§ **Task requirements**
Copy exactly the stretch of data below from the line with "230mm Silverline diamond" through the line with "Большое внимание президент", including both of those lines.

§ **Given records**
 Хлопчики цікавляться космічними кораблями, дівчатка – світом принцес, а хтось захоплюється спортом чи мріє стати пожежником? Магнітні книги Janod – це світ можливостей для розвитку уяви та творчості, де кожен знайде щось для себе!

...

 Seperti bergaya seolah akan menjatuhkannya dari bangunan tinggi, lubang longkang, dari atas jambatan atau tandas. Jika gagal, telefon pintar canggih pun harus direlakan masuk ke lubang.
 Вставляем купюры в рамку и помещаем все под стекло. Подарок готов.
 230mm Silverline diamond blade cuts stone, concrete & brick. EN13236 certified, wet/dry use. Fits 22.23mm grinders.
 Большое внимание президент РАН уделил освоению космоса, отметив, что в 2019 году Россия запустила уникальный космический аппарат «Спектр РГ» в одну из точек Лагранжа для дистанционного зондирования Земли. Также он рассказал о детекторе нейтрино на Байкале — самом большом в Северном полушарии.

§ **Written response**
 230mm Silverline diamond blade cuts stone, concrete & brick. EN13236 certified, wet/dry use. Fits 22.23mm grinders.
 Большое внимание президент РАН уделил освоению космоса, отметив, что в 2019 году Россия запустила уникальный космический аппарат «Спектр РГ» в одну из точек Лагранжа для дистанционного зондирования Земли. Также он рассказал о детекторе нейтрино на Байкале — самом большом в Северном полушарии.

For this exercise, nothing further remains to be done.